Le géant danois de la biométhanisation Nature Energy – qui prévoyait construire dix usines pour fournir le tiers du gaz naturel renouvelable dont a besoin Énergir – quitte le Québec. Le marché québécois n’est pas assez rentable, estime cette filiale de Shell.
« L’environnement réglementaire [et] les complexités de la chaîne d’approvisionnement des matières premières» seraient parmi les facteurs qui expliquent le retrait du Québec de Nature Energy, mentionne dans un courriel Stephen Doolan, porte-parole de la compagnie pétrolière Shell qui possède la multinationale danoise. Le géant pétrolier affirme également « que les aspects économiques […] n’a pas répondu aux exigences d’investissement de Shell.
Il s’agit d’un revirement à 180 degrés pour Nature Energy, qui présentait ses projets dans la province comme une porte d’entrée sur le marché nord-américain. En décembre 2022, l’entreprise a annoncé un partenariat majeur avec Énergir, affirmant planifier la construction de 10 méga-usines de biométhanisation pour produire du gaz naturel renouvelable (GNR) agricole à partir de lisier et de fumier.
Ces installations devaient permettre la production de 200 millions de mètres cubes de GNR et ainsi « atteindre le tiers de l’objectif québécois de 2030 en matière de GNR, ce qui réduirait les émissions de CO ».2 d’un maximum de 400 000 tonnes, ce qui équivaut au retrait de la route d’environ 100 000 voitures à essence.
« Ils nous ont fait part de cette décision récemment », affirme Jean-François Jaimes, directeur du développement et des énergies renouvelables chez Énergir : « Peut-être que le potentiel n’était pas aussi grand qu’ils l’espéraient initialement, du moins la vitesse à laquelle ils pourraient développer ces projets. »
Le projet Farnham – dont Énergir prend le contrôle à 100 % avec le départ de son partenaire – est bien avancé. Plus de 80% de la biomasse nécessaire à la production de RNG est actuellement sécurisée, assure M. Jaimes, précisant que cela va certainement avancer. L’inauguration de l’usine était prévue jusqu’à récemment pour 2026.
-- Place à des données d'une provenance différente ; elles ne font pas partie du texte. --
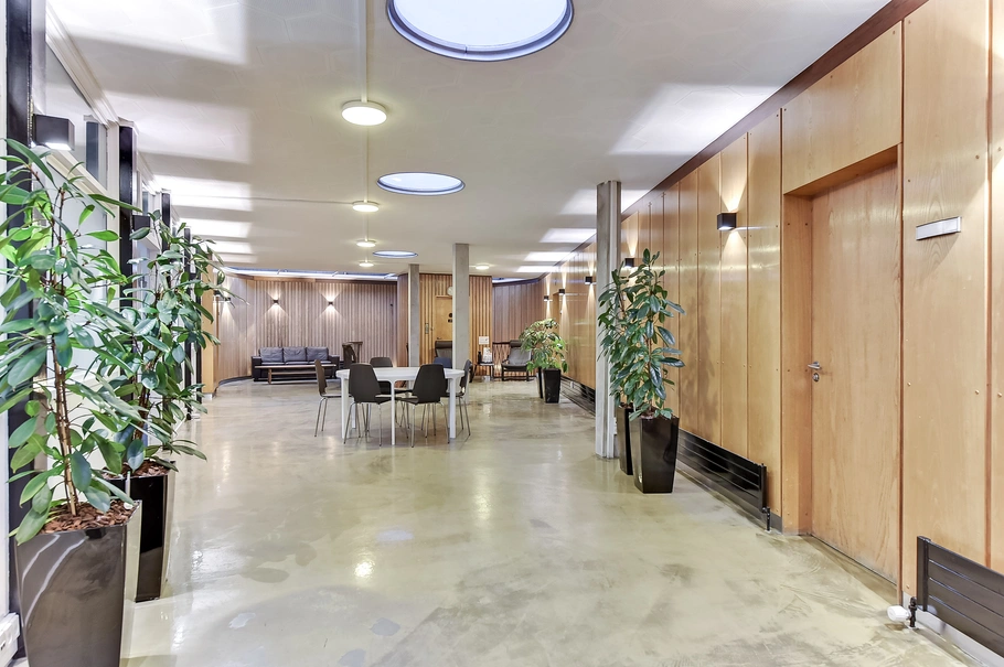 Selve lejemålet fremgår pænt og i en klassisk stil. Her er tale om et unikt og yderst spændende kontorlejemål, hvor man træder tilbage i tiden i de gamle direktionslokaler. Via flot indgangsparti træder man ind i større fællesområde med epoxygulv og træpaneler. Herudover er der adgang til fælles mødelokale, køkken samt herre- og dametoiletter.

Énergir Développement n’exclut pas la possibilité d’encadrer d’autres initiatives. « On pourrait refaire les projets, mais seul ou avec de nouveaux partenaires. Avec le départ de Nature Energy, cela nous donne l’opportunité de relancer le projet avec une nouvelle gouvernance”, résume M. Jaimes, assurant “nous croyons vraiment en ce secteur”.
En juillet, La presse avait constaté qu’il y avait déjà de l’eau dans le gaz des ambitions québécoises de l’entreprise. « On ne se met pas le couteau sous la gorge en se disant qu’il faut à tout prix construire 10 usines. Nous y allons projet par projet. S’il n’y a que six usines, ce ne sera que six usines. », a déclaré le responsable de l’approvisionnement en biomasse chez Nature Energy, Philippe Lamote.
Ce responsable confirmait alors les difficultés de collecte des 700 000 tonnes d’intrants – principalement des déjections animales – nécessaires à chaque projet. Ceux-ci proviennent généralement d’une centaine d’exploitations agricoles réparties sur un vaste territoire. Les projets ne peuvent pas être rentables si les camions doivent parcourir une centaine de kilomètres pour collecter le lisier ou le fumier nécessaire à la production de gaz.
C’est pour cette raison que la multinationale avait mis de côté, en 2023, son projet d’usine à Louiseville, dans la MRC de Maskinongé. Dès lors, il ne restait en effet plus que deux projets sur la planche à dessin d’Énergie Nature : la centrale de Farnham en Estrie et la centrale de Saint-Joseph en Beauce prévue pour 2027. Énergir n’exclut pas la possibilité de reprendre également ce projet qui, d’ailleurs, , est moins avancé.